Attaching a guest to the network

When creating a new guest (domain) in libvirt, you will need to attach the domain to the br-enp3s0f0 network. I’m not going to present the complete domain XML configuration here. You should include the following snippet in your domain definition in order to connect the domain to the br-enp3s0f0 network:

1
2
3
4
5

<interface type='network'>
  <source network='br-enp3s0f0'/>
  <forward mode='route'/>
  <model type='virtio'/>
</interface>

Guest network configuration

After the guest machine boots up successfully, you can create VLAN subinterfaces in order to obtain access to the individual VLANs within the guest.

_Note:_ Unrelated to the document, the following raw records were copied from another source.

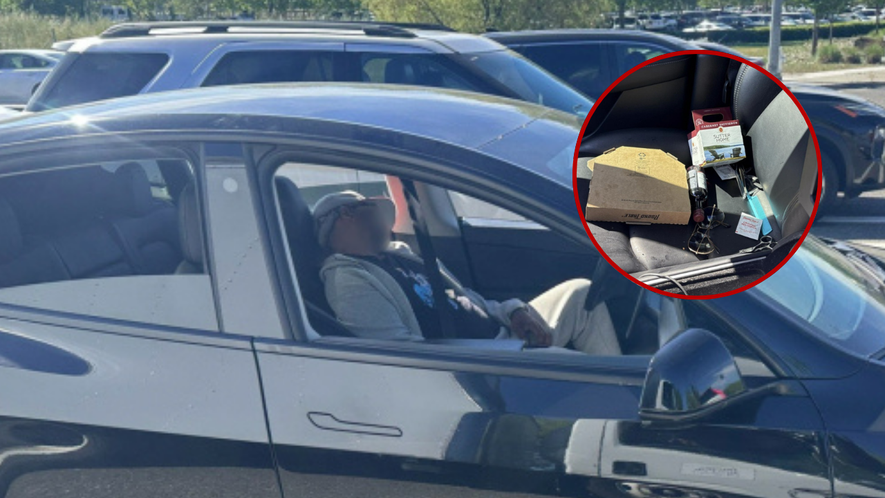 Upon intercepting the vehicle around 11 a.m., police found the man asleep in the driver’s seat while the car operated in autopilot mode, surrounded by a pizza box and a pack of mini wine bottles scattered across the passenger side.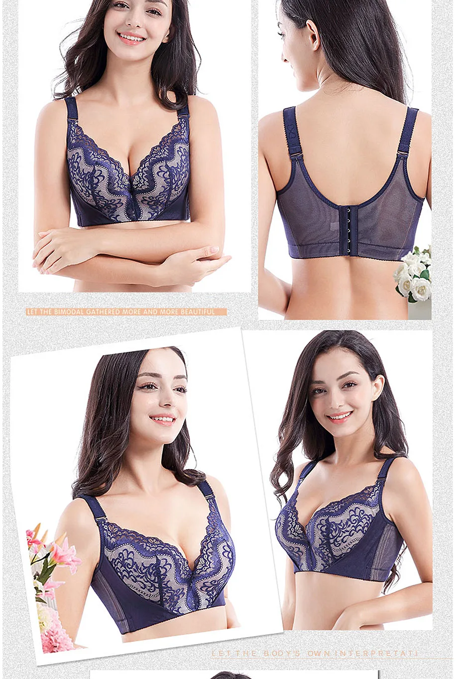 Women Plus Size Bra Anti Sagging Seamless Push Up Bra Lace Big Size Women Wide Strap Adjustable shoulder straps Lingerie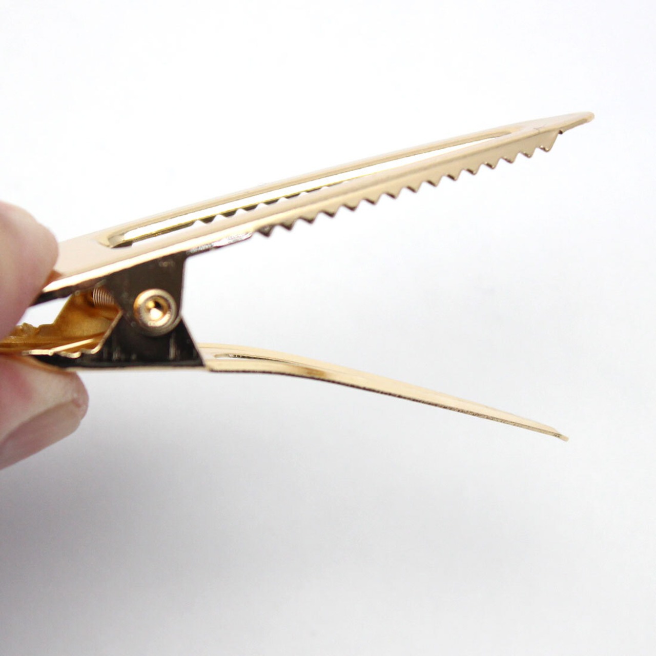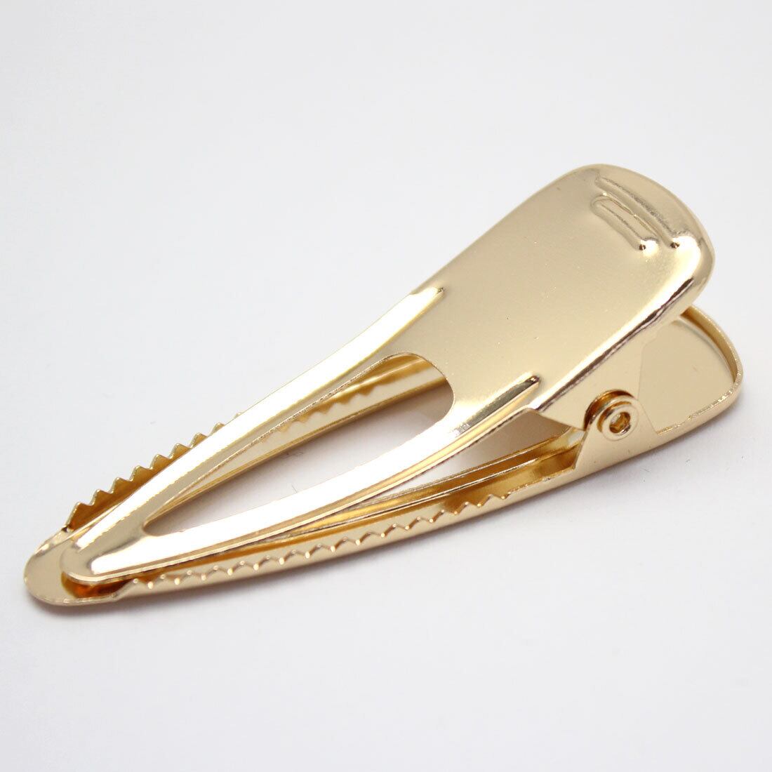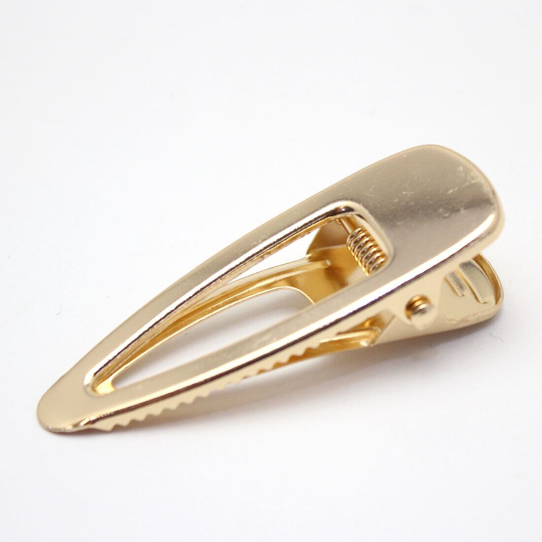 【20個パック】三角 穴あき ヘアクリップ [シャンパンゴールド 色、長さ 60mm] sgy-1794-20p(クリップ ヘアアクセサリー パーツ 手芸 つまみ細工 材料 素材 やっとこピン ヤットコピン 土台 大きい 三角 さんかく 穴あき 穴開き シャンパンゴールド ゴールド 金色)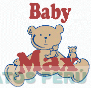 La denominación BABY MAX escrita en letras características, acompañada por las figuras estilizadas de osos, todo en los colores rojo, azul y marrón claro; conforme al modelo adjunto
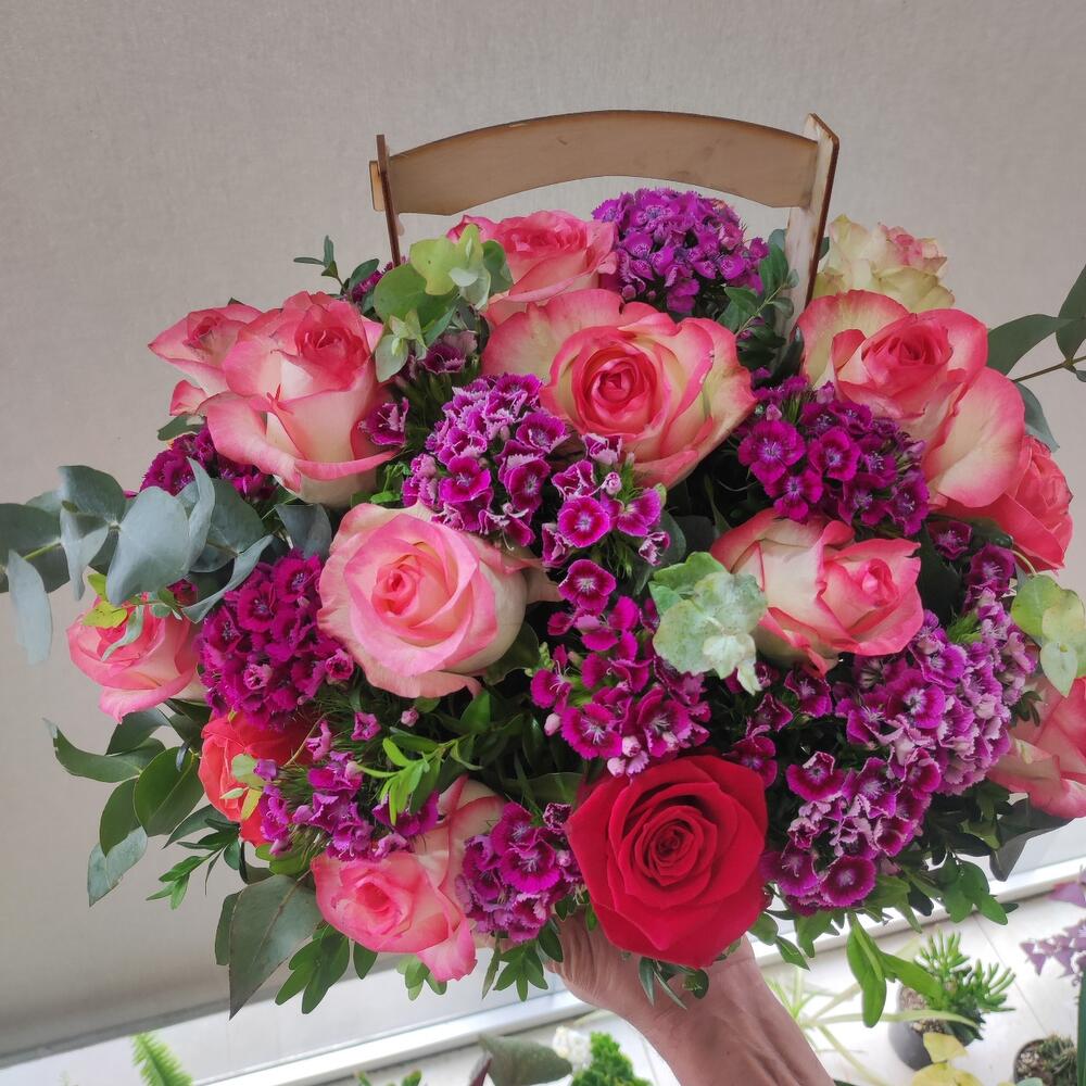 Гвоздики, Кустовые розы, Лизиантусы, Пионовидные розы, Розы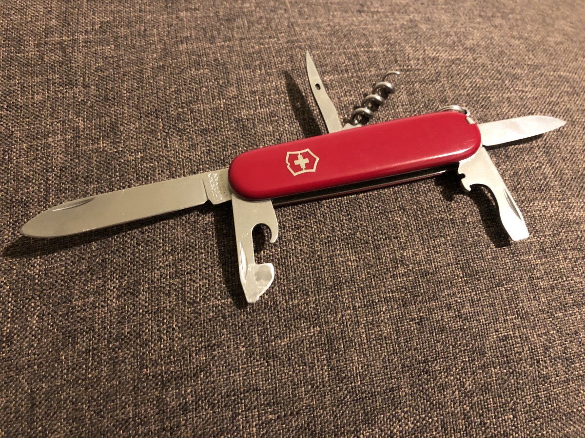 Victorinox Spartan Б/У ТТХ: Загальна довжина: 91мм. Вага: 60г. Набір інструментів: - ніж великий - ніж малий - відкривачка для пляшок - велика плоска викрутка - мала плоска викрутка - паз для зняття ізоляції - консервний ніж - штопор - пинцет - зубочистка - шило - кільце Ціна: Продано Територіально: Київ Відправка: НоваПошта Оплата: Монобанк, ПриватБанк, (наложений платіж за бажанням)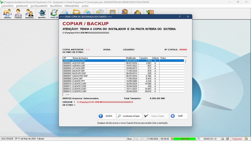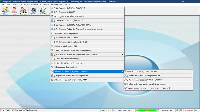 - Opção de Backup do Programa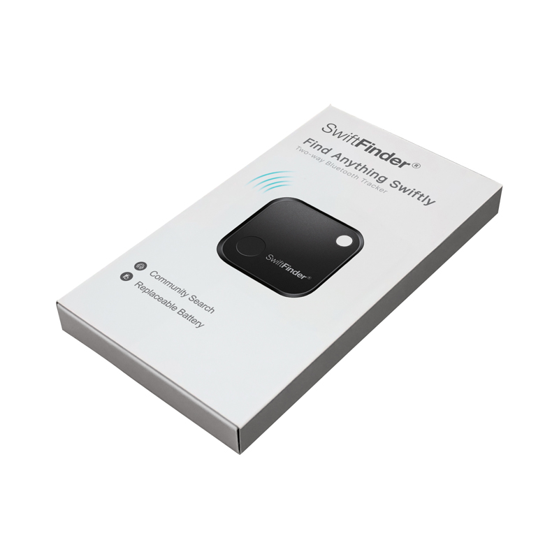 Features: Take the tracking of your valuables to a new level with the SwiftFinder Smart Tag, and it s easy to use APP. Compliant with the GDPR European Privacy Policy, this Smart Tag features an object and phone finder, object tracker, separation alert, custom ring tones, selfie remote, family sharing, crowd GPS, Amazon Alexa, Siri Shortcut, Google Assistant and multi-device management. Includes a user manual and battery. Material: ABS, PC. Certification: Patented Design, CE, FCC, RoHS, BLE, GDPR, UN38.3, SDS. Colours: Black. Product Size: 41 x 41 x 5.6 mm. Branding Area: Front: 28 x 23 mm, 38 x 13 mm, Rear: 28 x 4 mm, 38 x 13 mm. Standard Packaging: Coloured Box.

First, let’s check the configuration of the VLAN trunk interface eth0 inside the guest:

/etc/sysconfig/network-scripts/ifcfg-eth0
1
2
3
4

TYPE=Ethernet
BOOTPROTO=none
DEVICE=eth0
ONBOOT=yes

Finally, we can create VLAN subinterfaces to access individual VLANs available in the eth0 trunk. For example, to access VLAN 408 and obtain the IP configuration via DHCP you can create a new cofiguration file ifcfg-eth0.408:

/etc/sysconfig/network-scripts/ifcfg-eth0.408
1
2
3
4

BOOTPROTO=dhcp
DEVICE=eth0.408
ONBOOT=yes
VLAN=yes

When you restart the networking service, your guest should successfully obtain an IP address on the VLAN 408:

1

$ sudo systemctl restart network

Caveat

When experimenting with the Linux bridge configuration I made this observation: If there’s a VLAN subinterface defined for a specific VLAN on the host machine, this specific VLAN won’t be accessible inside the guest. For example, when I created the following VLAN 408 subinterface on the host:

/etc/sysconfig/network-scripts/ifcfg-enp3s0f0.408
1
2
3
4

BOOTPROTO=none
DEVICE=enp3s0f0.408
ONBOOT=yes
VLAN=yes

As soon as I brought this interface up using:

1

$ sudo ifup enp3s0f0.408

the eth0.408 VLAN subinterface in the guest stopped working.

References

When writing this blogpost I referred to the very useful article KVM & BRCTL in Linux – bringing VLANs to the guests describing the issues of VLAN bridging in a great detail.